All Photos Jacksonville Terminal - from then - until now
bloggers collection available at the State Photographic Archives
HOW'S YOUR STIMULUS JACKSONVILLE?
Some very interesting numbers are on the screen for the long awaited stimulus, and now it looks like the same old war - Highways -VS- Mass Transit has raised it's ugly head again. I'm getting the feeling some politicians are revisiting the old National City Line's fiasco.
Our die should be cast with superb mass transit, we have it in our cards like no other city. JTA Has shattered ridership records, in fact all over Florida mass transit lifted off during the recent spike in gasoline prices. Some agency's could even be confused with NASA'S many rockets down on the Space Coast. Yet JTA, even with Streetcar, Commuter Rail, Bus Rapid Transit, Skyway, and Enhanced Bus, plans in hand, has asked for NOTHING! The Aviation Authority Director took some drawings and prints of a new super airport to Washington and single handily begged for $7 Billion dollars worth of improvements for Jacksonville International Airport (JAX). The Transit Authority Director has been to Washington many times, but so far no word on his asking for a cent. The timing couldn't be worse for our leadership
to sit on their hands.
We have a stacked deck in the US House of Representatives, with several members not only from our state but from OUR CITY! Not just any Representatives mind you but ranking members of the House Transportation Subcommittee. Even these members are flustered by the city's lack of action. Congressman and friend John Mica recently told me, "Bob get me something in my hands, get me a plan, anything!"
Amtrak, wants to expand and in a recent session at JTA, they confided that they have a plan which would, they believe, operate at a profit in Florida. With Jacksonville as the hub, they want to install a 5 train per route system to kick off Florida corridor services. Folks that would be 15 trains a day South of Jacksonville on 3 different routes, FEC, CSX "A" line, CSX "S" line, not to mention the chance of the "Gulf Wind" from Jax to New Orleans (more recently known as the Sunset Limited LA-JAX). The State has already enhanced capacity on the CSX to New Orleans and they have promised to do the same on the Florida East Coast.
Greyhound wants to move to new digs in Jacksonville as well, something close to a downtown train station (which we've closed for a nearly useless Convention Center suffering from a lack of space. So with Greyhound needing a home, and Amtrak wanting back into the old Terminal as a Florida Hub, the time is right to get that Transportation Center off the drawing boards and on the ground.

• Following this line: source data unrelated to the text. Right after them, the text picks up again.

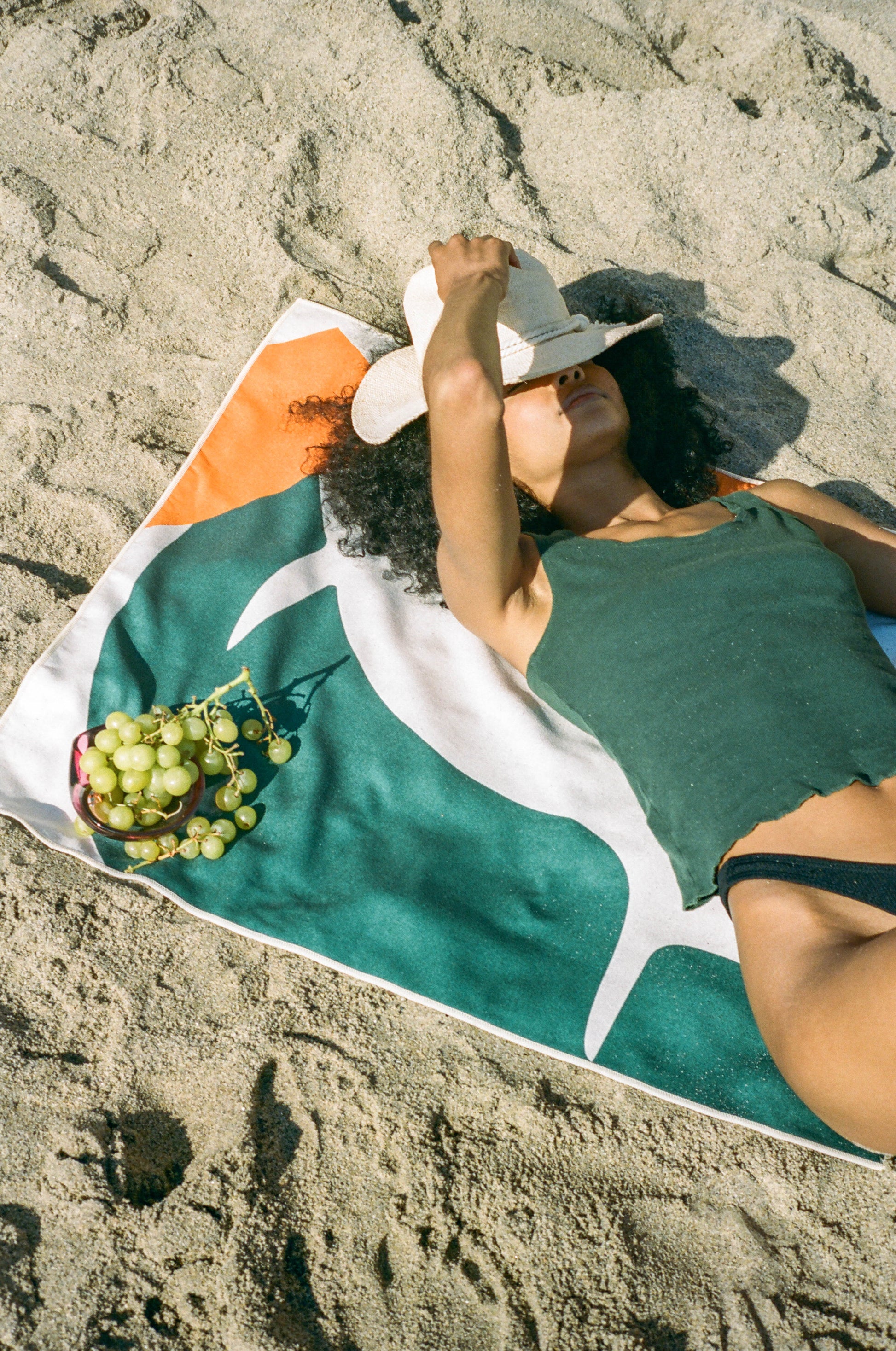Sand slips off with a gentle shake. Don't worry about bringing sand back home
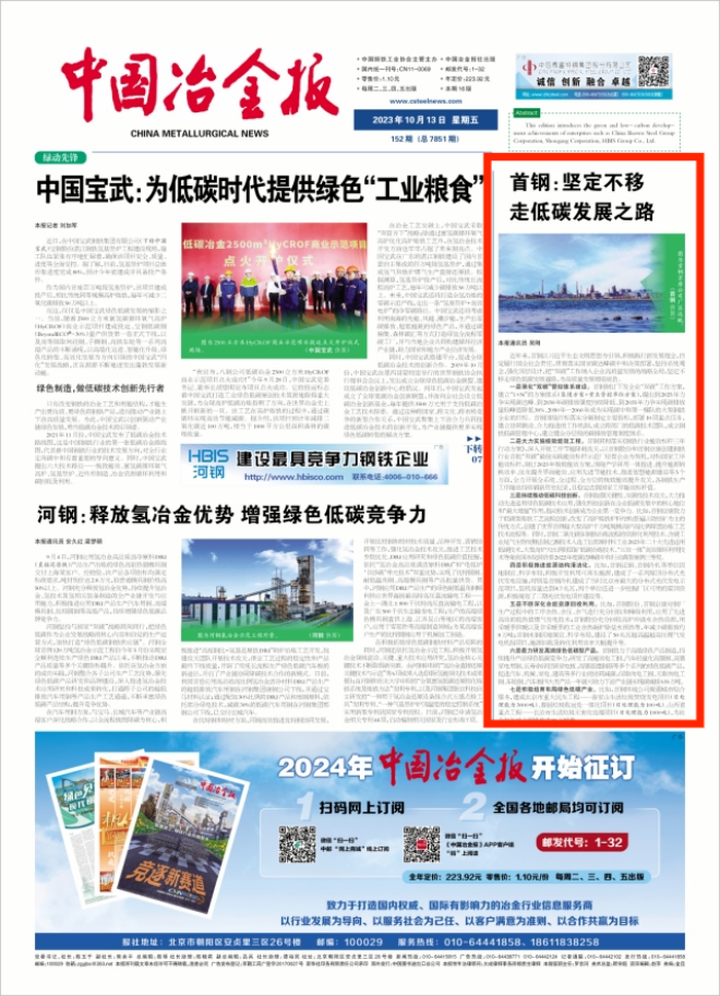 三是持續推動低碳科技創新。首鋼加強關鍵性、突破性技術攻關,大力推動先進適用綠色低碳技術應用,強化科技創新在企業低碳發展中的核心地位和“最大增量”作(zuo)用(yong),推(tui)動(dong)技(ji)術(shu)創(chuang)新(xin)成(cheng)為(wei)企(qi)業(ye)第(di)一(yi)競(jing)爭(zheng)力(li)。比(bi)如(ru),首(shou)鋼(gang)京(jing)唐(tang)致(zhi)力(li)於(yu)低(di)碳(tan)型(xing)煉(lian)鐵(tie)工(gong)藝(yi)流(liu)程(cheng)創(chuang)新(xin),改(gai)變(bian)了(le)高(gao)爐(lu)煉(lian)鐵(tie)爐(lu)料(liao)結(jie)構(gou)普(pu)遍(bian)以(yi)燒(shao)結(jie)礦(kuang)為(wei)主(zhu)的(de)傳(chuan)統(tong)方(fang)式(shi),創(chuang)建(jian)了(le)世(shi)界(jie)首(shou)例(li)超(chao)大(da)型(xing)高(gao)爐(lu)千(qian)萬(wan)噸(dun)規(gui)模(mo)高(gao)爐(lu)高(gao)比(bi)例(li)球(qiu)團(tuan)冶(ye)煉(lian)工(gong)藝(yi)技(ji)術(shu)流(liu)程(cheng)等(deng)。同(tong)時(shi),首(shou)鋼(gang)二(er)氧(yang)化(hua)碳(tan)在(zai)鋼(gang)鐵(tie)冶(ye)煉(lian)流(liu)程(cheng)的(de)資(zi)源(yuan)化(hua)利(li)用(yong)技(ji)術(shu)、含碳工業尾氣生物發酵法製乙醇技術入選工信部原材料工業2023年二十大先進適用低碳技術,大型高爐大比例球團礦低碳冶煉技術、“五效一體”高效循環利用技術等榮獲國務院國資委2022年度碳達峰碳中和行動典型案例三等獎。
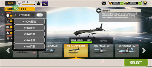 2、游戏每完成一个任务都会得到现金和金块的奖励,这些在飞机库设备升级中具有非常重要的作用,玩家不但能更换更加高端的无人战机,更能对枪械和炮弹进行升级,使它们发挥出更大的威力。战机不同的性能也是可以改善和提高的,它们会进一步提升战机的能力,在任务的执行中发挥出巨大的作用。

By the way this center is often called the JTC (Jacksonville Transportation Center), or the "Prime Osbourne Convention Center", this blog will continue to call it by the name carved into the massive masonary over the 14 giant sandstone columns, JACKSONVILLE TERMINAL and JACKSONVILLE UNION STATION.
The Convention Center was subject of a deep study last year to find a new location with much more room. Many, many cities only a quarter of our size have much larger facilities. Orlando has a million square feet, Savannah and Mobile are in the hundreds of thousands, and we sit at about 80,000 square feet in a city that dwarfs these in size and corporate presence. This would seem like a no brainer, get that new center going up down on the beautiful riverfront downtown, and allow the greatest railroad station of the South to breath back to life.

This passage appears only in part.